ADA Website Audit Process
An ADA website audit evaluates your site against Web Content Accessibility Guidelines (WCAG) 2.1 AA to identify issues that could create legal risk under ADA Title III or limit access for people with disabilities. The process combines several evaluation methods, each designed to catch what the others miss.
| Key Point | What It Means |
|---|---|
| Evaluation Standard | WCAG 2.1 Level AA is the referenced conformance standard for ADA website accessibility. |
| Automated Scans | Scans check HTML, CSS, and ARIA attributes but only flag approximately 25% of issues. |
| Human Evaluation | Screen reader testing, keyboard testing, visual inspection, and code review cover the remaining 75%. |
| Deliverable | A report listing each issue by location, WCAG criterion, severity, and remediation guidance. |
How Does an ADA Website Audit Process Begin?
Before evaluation starts, the auditor defines the scope. This means identifying which pages and user flows will be reviewed, including forms, checkout processes, login screens, and dynamic content like modals or menus.
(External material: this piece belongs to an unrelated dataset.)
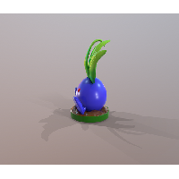 Oddish is a Pokémon that resembles a blue plant bulb. It has a round body, beady red eyes, a small mouth, and ovoid feet. Five large, green leaves sprout from its head. As demonstrated in the anime, these leaves are prehensile and can be used to scale vertical surfaces and catch light objects. Known by the scientific name Oddium Wanderus, Oddish lives in grasslands. A nocturnal Pokémon, Oddish buries its sensitive body in the ground during the day to avoid the sun and fool predators. If its leaves are pulled in this state, it will respond by shrieking horribly. It starts to move when its leaves begin absorbing moonlight, which it uses to grow. Oddish will wander up to 1000 feet (300 meters) during the night to scatter its seeds and find a nutrient-rich patch of soil in which to plant itself. The more fertile the earth, the glossier its leaves will be. It is thought that its feet become like tree roots while planted. In the past, Petal Dance was its signature move. -Bulbapedia

Scope decisions directly affect cost and timeline. A ten-page marketing site requires far less evaluation time than a 200-page e-commerce application with authenticated workflows.
Automated Scans as a Starting Point
Most audits begin with an automated scan. The scan loads each page and checks against WCAG success criteria by evaluating the underlying HTML, CSS, and ARIA markup.
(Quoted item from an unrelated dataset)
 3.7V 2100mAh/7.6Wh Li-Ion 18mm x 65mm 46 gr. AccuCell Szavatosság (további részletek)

Scans are fast and useful for catching structural issues like missing form labels or incorrect heading order. They flag approximately 25% of accessibility issues. The other 75% requires human evaluation because it involves context, logic, and user experience that code analysis cannot assess.
Screen Reader Testing
An auditor uses screen readers such as NVDA, JAWS, or VoiceOver to move through the site the way a blind or low-vision user would. This evaluation identifies issues with reading order, link announcements, form interactions, and dynamic content updates that scans cannot detect.
Screen reader testing typically covers Chrome and Safari to address the most common browser and assistive technology pairings.
Keyboard Testing
Every interactive element on the site must be operable using a keyboard alone. The auditor tabs through navigation, forms, buttons, and custom components to verify that focus is visible, logical, and never trapped.
Keyboard access issues are among the most common findings in an ADA website audit. Dropdown menus, modal dialogs, and custom widgets frequently lack proper keyboard support.
Visual Inspection and Code Review
The auditor visually inspects the interface at 200% and 400% browser zoom to verify that content reflows without losing information or functionality. This step also checks that meaningful images have appropriate text alternatives and that text spacing adjustments do not break the layout.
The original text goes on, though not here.